= Work instructions =
The entries below contain pictures, which are to be left out; write out exactly, and only, the lines from the line with "避免格式转换和调整图片大小;" up to and including the line with "Blue & Gold".

= Supplied material =
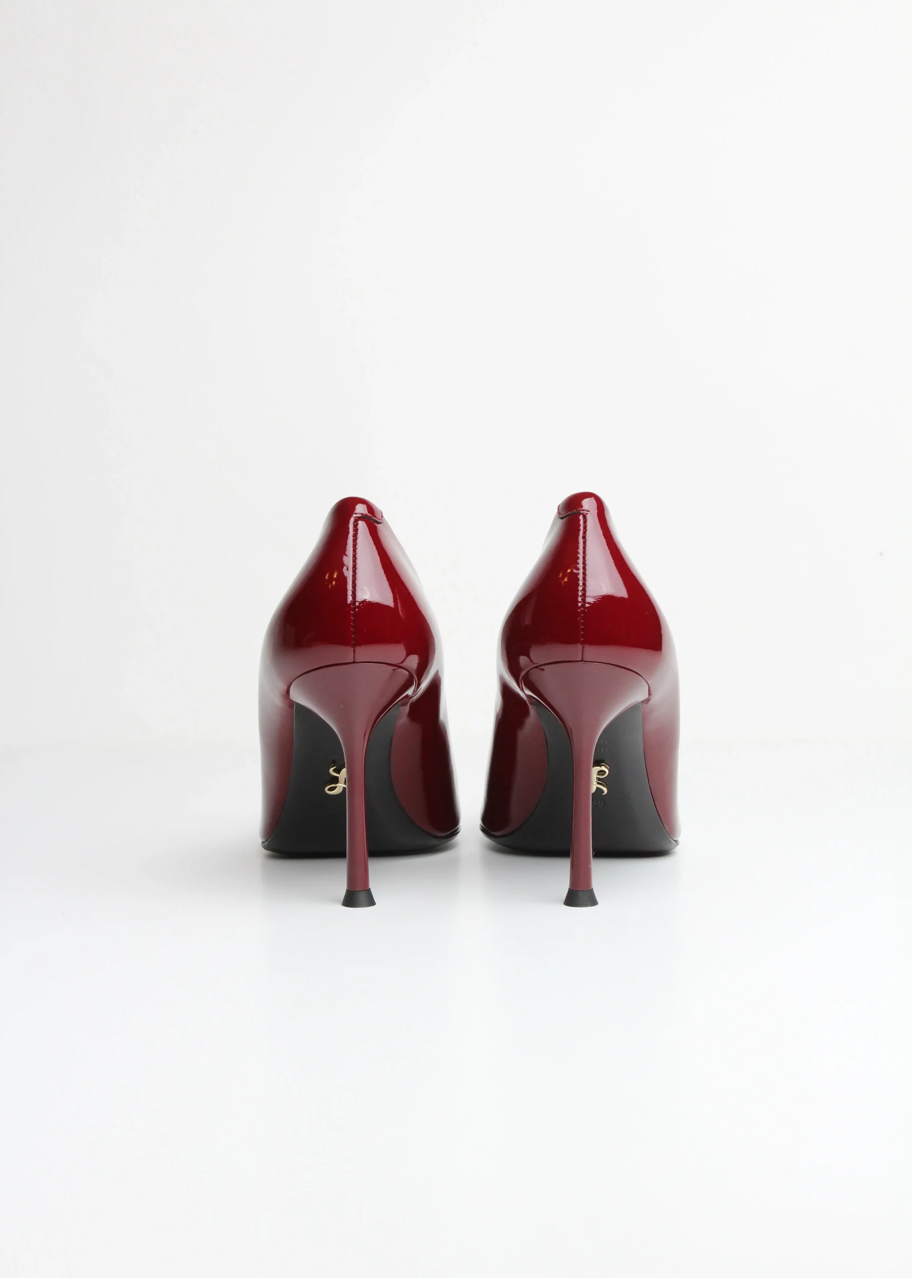 Realizzata in vernice porpora (red laque ), con una finitura lucida che cattura la luce con discrezione, questa scarpa è un’alternativa versatile e chic al classico nero. Il tacco a spillo da 90 mm slancia la figura con classe, mentre la suola in cuoio completa il modello con un tocco di autentico pregio.
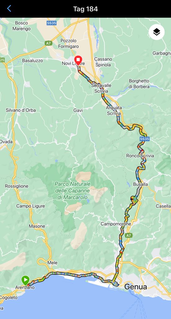 Die Luft war grottig schlecht. Wir haben fast eine Stunde durch Genua gebraucht. Das war genug schlechte Luft für eine ganze Woche 😶🌫️
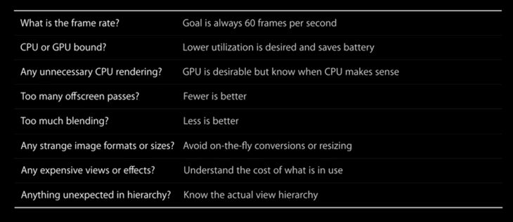 避免格式转换和调整图片大小;一个图片如果不被GPU支持,那么需要CPU来转换。(Xcode有对PNG图片进行特殊的算法优化)
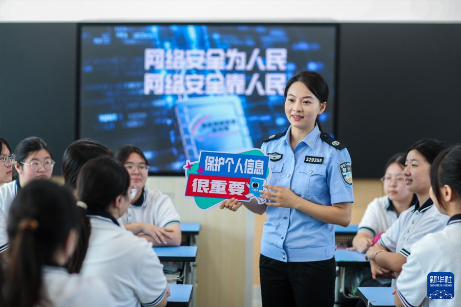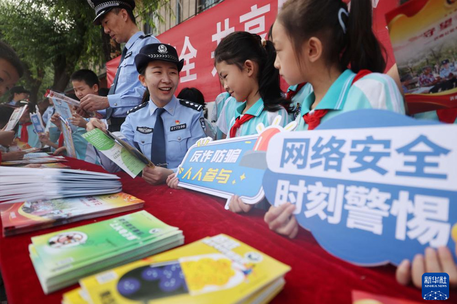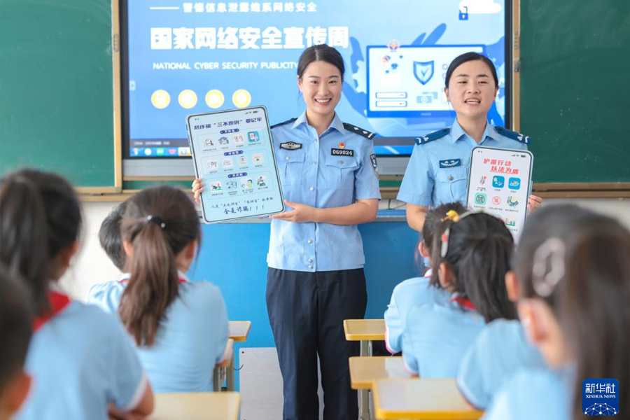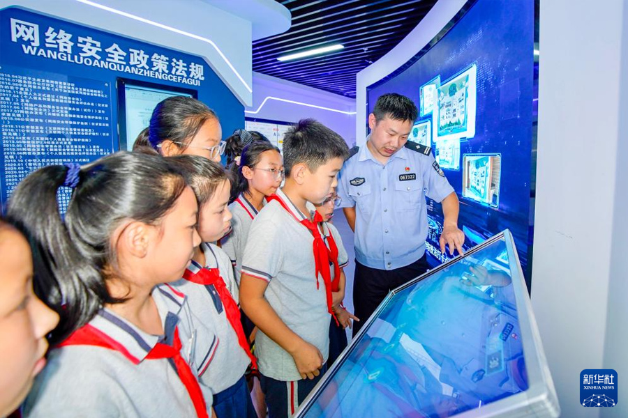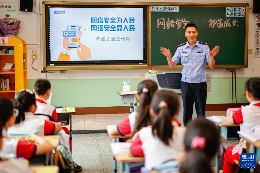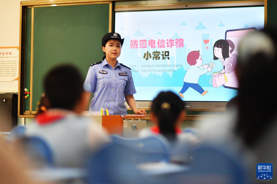 9月15日,在山東省青島市市北區延安二路小學開展的網絡安全教育主題活動上,民警為學生們講解防范電信詐騙小常識。9月15日至21日,以“網絡安全為人民,網絡安全靠人民——以高水平安全守護高質量發展”為主題的國家網絡安全宣傳周在全國范圍內開展。(新華社發 王海濱/攝)
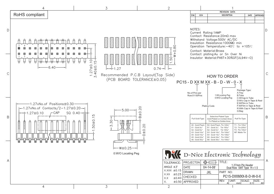 Your location  Home -> Products  ->  Connector  ->  Pin Header  ->  1.27 pitch  ->  1404 PC15-DXXMXX-B-D-W-0-X
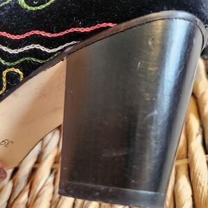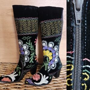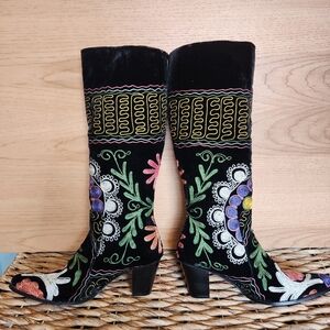 WOMEN'S SUZANI BLACK VELVET HAND EMBROIDERED STATEMENT KNEE BOOTS SIZE 8.5 / 39
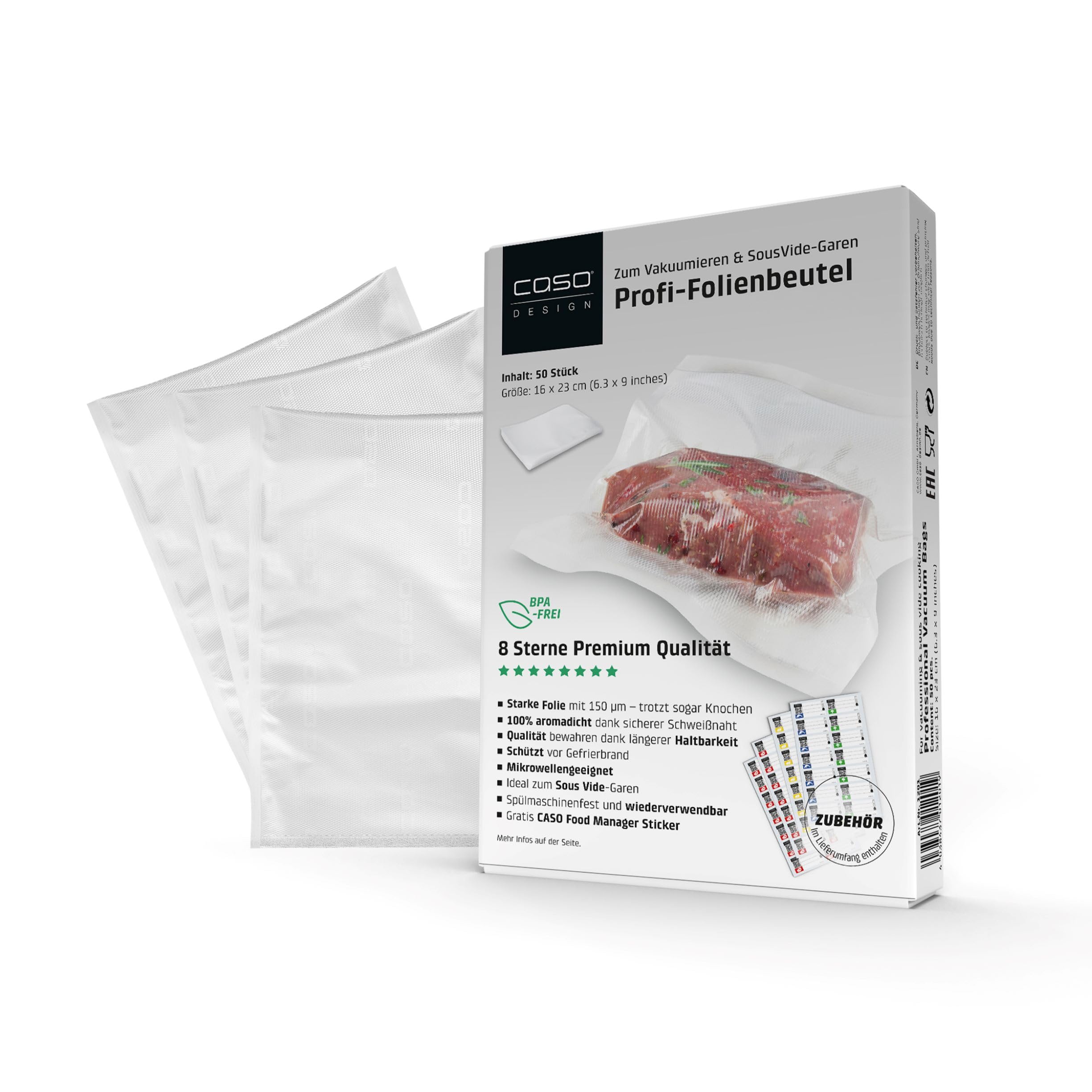 CASO Profi- Folienbeutel 40x60 cm / 25 Beutel, für alle Vakuumierer, BPA-frei, sehr stark & reissfest ca. 150µm, aromadicht, kochfest, Sous Vide, wiederverwendbar, inkl. Food Manager Sticker
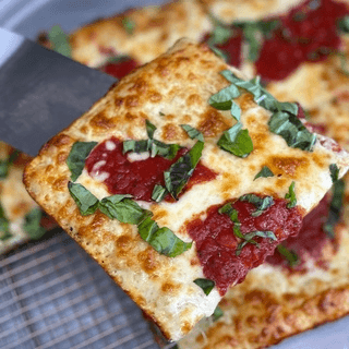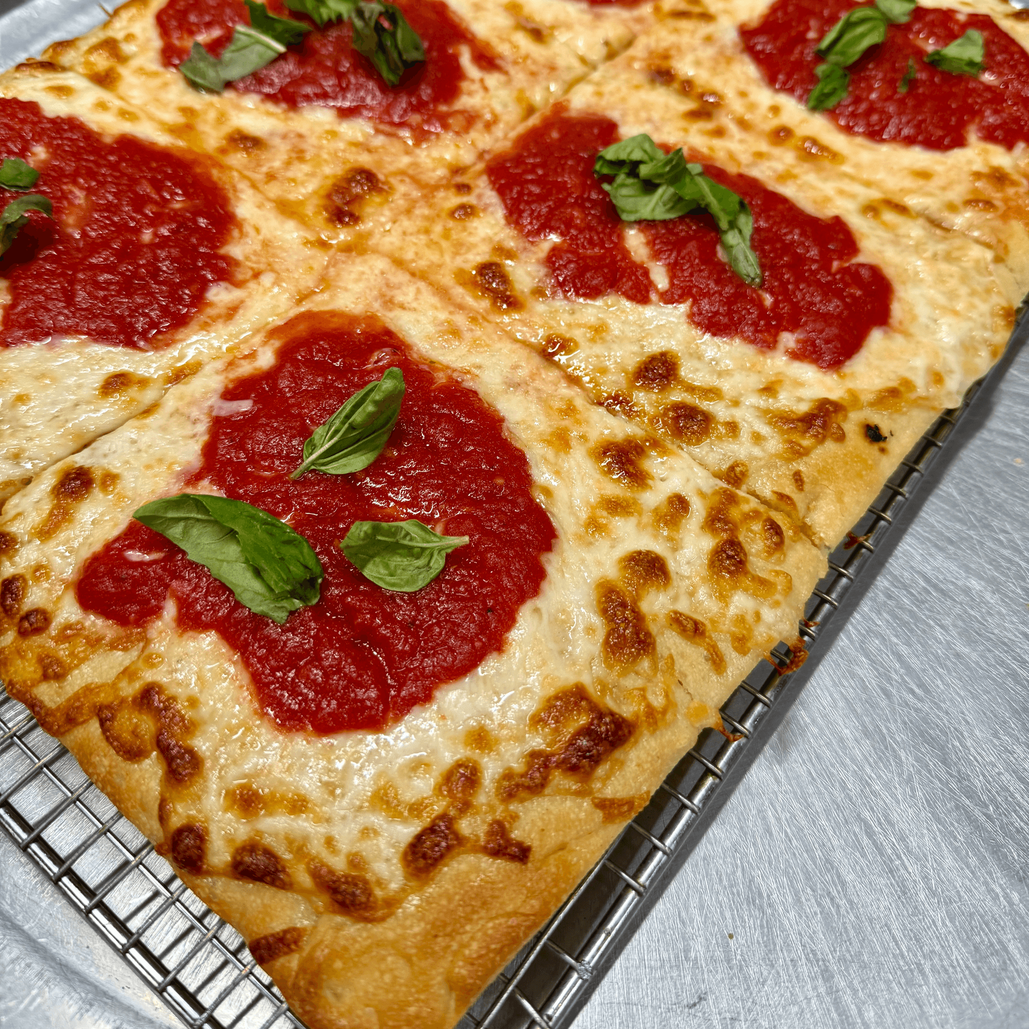 A crisp‑edged square olive‑oil crust topped with pillowy mozzarella, bright crushed tomato sauce, and fresh basil—a classic, simply satisfying pie.
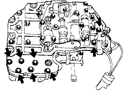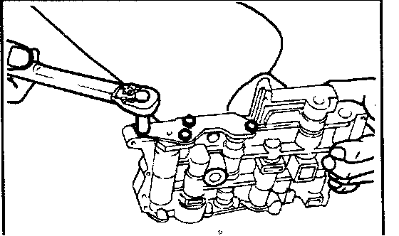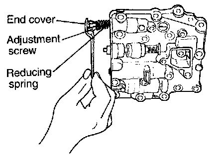25. Remove the three bolts from the lower valve body, and then remove the end cover, adjustment screw, and reducing spring.
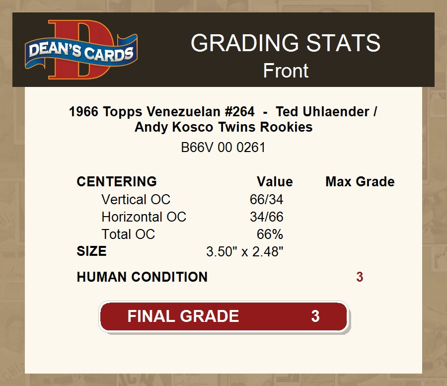 1966 Topps Venezuelan #264 - Ted Uhlaender / Andy Kosco Twins Rookies 3 - VG
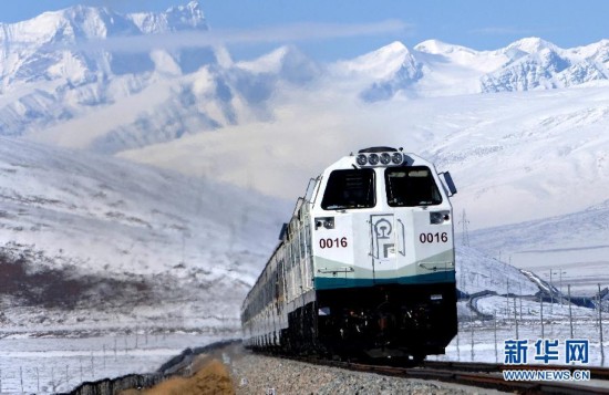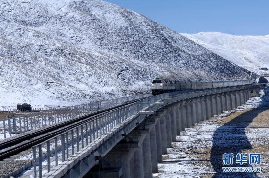 從拉薩開(kāi)往內(nèi)地的火車駛過(guò)藏北雪山(2006年10月25日攝)。新華社記者覺(jué)果攝
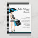 Start your event off right with our mod & trendy black & turquoise blue Baby Shower invitation featuring a mod mum holding a baby shopping bag and an umbrella. Just personalise with your information and you're all set to go! Matching items including baby shower postage, favour stickers, thank you cards & thank you stickers are also available in our shop. ©Blackleaf Studio
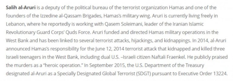 Стејт департмент је навео Ел Арурија као терористу и понудио награду од 5 милиона долара за информације о њему, наводи Асошиејтед прес.
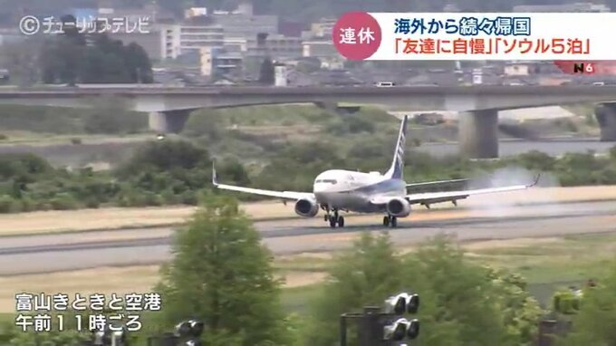 一方、富山空港では、ゴールデンウイークを県外や海外で過ごした人たちの帰省ラッシュとなりました。
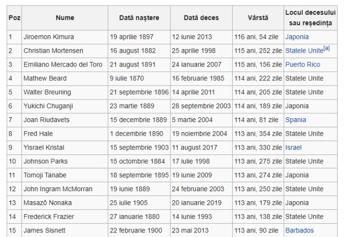Recordul de longevitate este deţinut în continuare de franţuzoaica Jeanne Calment, care a trăit 122 de ani şi 164 de zile şi care a încetat din viaţă în 1997, potrivit Guinness World Records.
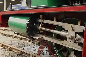 آلة بخارية ويرى قضيب الكباس بين المكبس (أخضر ، يسار) و رأس توصيل (يمين، صليبية الشكل).
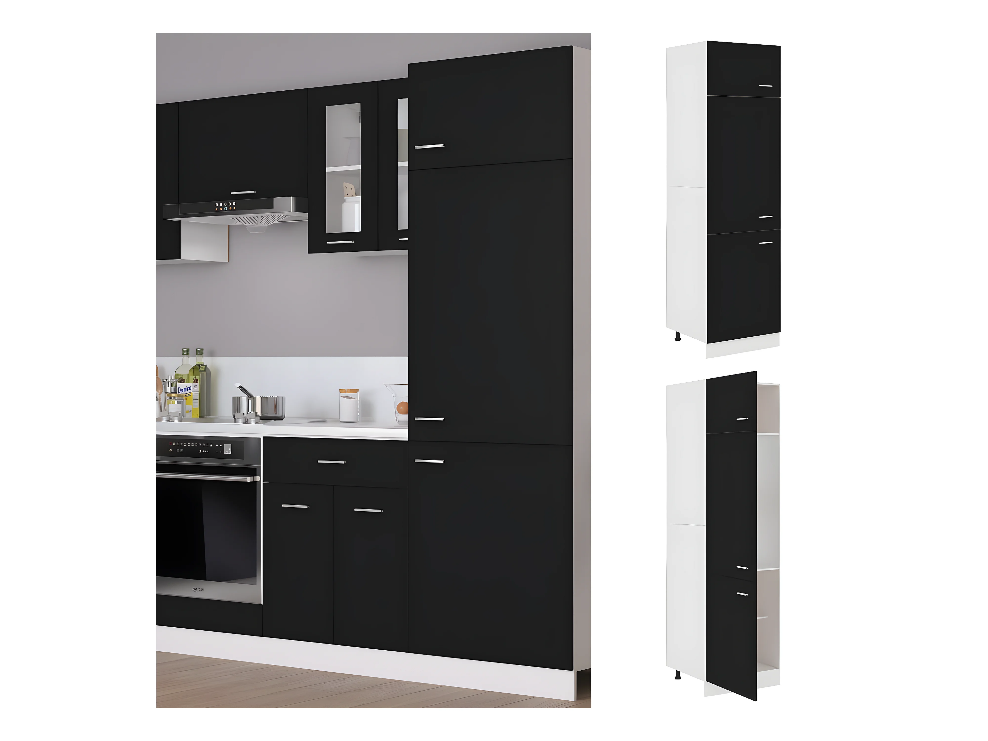 Gabinete de cocina de madera de ingeniería negra Lucca
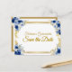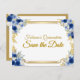 Blue & Gold Floral Save the Date Ankündigungspostkarte
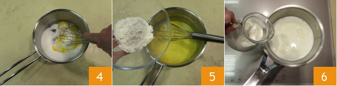 Work with a whisk 4 until you get a homogeneous mixture, then add the starch 5 and whisk again. At this point, pour milk and cream into a saucepan 6,
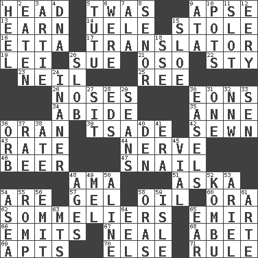 ACROSS 1. Froth on beer 5. It was, poetically 9. Domed church section 13. Merit 14. Ubangi River tributary 15. Took without asking 16. Singer James 17. Interpreter 19. Flowery wreath 20. Take to court 21. Bear (Spanish) 22. Filthy place 23. Famous astronaut Armstrong 25. Portuguese money of account (variant) 26. Olfactory organs 30. Immeasurably long periods of time 34. Remain 35. Singer Murray 36. Northwest Algerian city 39. Sadhe (variant) 42. Stitched 43. Pace 44. Effrontery 46. Fermented drink made from hops 47. Slow-paced one 48. Wet nurse (var.) 51. "____ silly question..." 54. "We ___ not amused" (Victoria) 57. Set 58. Lubricate 60. Mouth or opening 62. Wine waiters 65. Independent ruler or chieftain 66. Sends forth 67. Anneal 68. Collude with 69. Flats, for short 70. Otherwise 71. General guideline DOWN 1. The bottom of a shoe or boot 2. Consumed 3. Nick name for Arthur 4. Heredity factor (abbr.) 5. Ballerina skirt 6. We are 7. Wing 8. Sir (Sp.) 9. "One Day ___ Time" 10. Cooking vessels 11. Narrow opening 12. Suggestive of the supernatural 15. A type of plum 18. Compass dir. 20. Oscar Madison type 24. More empty; more void 27. Be seated 28. Begley and Asner 29. Seines 30. Artist's stands 31. Single 32. Compass dir. 33. Elected rep. 36. Globe 37. Actress Charlotte 38. Had dinner 40. Lair 41. Epoch 45. Small bottle 48. Grows older 49. Cartoonist voice _ Blanc 50. Place in a line 52. Dried seaweed eaten as food 53. Satellite of Uranus 54. Toward the sea 55. Frolic 56. Send forth 58. Mouths or openings 59. Small island 61. Johnson of "Laugh-In" 63. Mountains (abbr.) 64. Snakelike fish 65. Ewer handle

= Written solution =
 避免格式转换和调整图片大小;一个图片如果不被GPU支持,那么需要CPU来转换。(Xcode有对PNG图片进行特殊的算法优化)
 9月15日,在山東省青島市市北區延安二路小學開展的網絡安全教育主題活動上,民警為學生們講解防范電信詐騙小常識。9月15日至21日,以“網絡安全為人民,網絡安全靠人民——以高水平安全守護高質量發展”為主題的國家網絡安全宣傳周在全國范圍內開展。(新華社發 王海濱/攝)
 Your location  Home -> Products  ->  Connector  ->  Pin Header  ->  1.27 pitch  ->  1404 PC15-DXXMXX-B-D-W-0-X
 WOMEN'S SUZANI BLACK VELVET HAND EMBROIDERED STATEMENT KNEE BOOTS SIZE 8.5 / 39
 CASO Profi- Folienbeutel 40x60 cm / 25 Beutel, für alle Vakuumierer, BPA-frei, sehr stark & reissfest ca. 150µm, aromadicht, kochfest, Sous Vide, wiederverwendbar, inkl. Food Manager Sticker
 A crisp‑edged square olive‑oil crust topped with pillowy mozzarella, bright crushed tomato sauce, and fresh basil—a classic, simply satisfying pie.
25. Remove the three bolts from the lower valve body, and then remove the end cover, adjustment screw, and reducing spring.
 1966 Topps Venezuelan #264 - Ted Uhlaender / Andy Kosco Twins Rookies 3 - VG
 從拉薩開(kāi)往內(nèi)地的火車駛過(guò)藏北雪山(2006年10月25日攝)。新華社記者覺(jué)果攝
 Start your event off right with our mod & trendy black & turquoise blue Baby Shower invitation featuring a mod mum holding a baby shopping bag and an umbrella. Just personalise with your information and you're all set to go! Matching items including baby shower postage, favour stickers, thank you cards & thank you stickers are also available in our shop. ©Blackleaf Studio
 Стејт департмент је навео Ел Арурија као терористу и понудио награду од 5 милиона долара за информације о њему, наводи Асошиејтед прес.
 一方、富山空港では、ゴールデンウイークを県外や海外で過ごした人たちの帰省ラッシュとなりました。
Recordul de longevitate este deţinut în continuare de franţuzoaica Jeanne Calment, care a trăit 122 de ani şi 164 de zile şi care a încetat din viaţă în 1997, potrivit Guinness World Records.
 آلة بخارية ويرى قضيب الكباس بين المكبس (أخضر ، يسار) و رأس توصيل (يمين، صليبية الشكل).
 Gabinete de cocina de madera de ingeniería negra Lucca
 Blue & Gold Floral Save the Date Ankündigungspostkarte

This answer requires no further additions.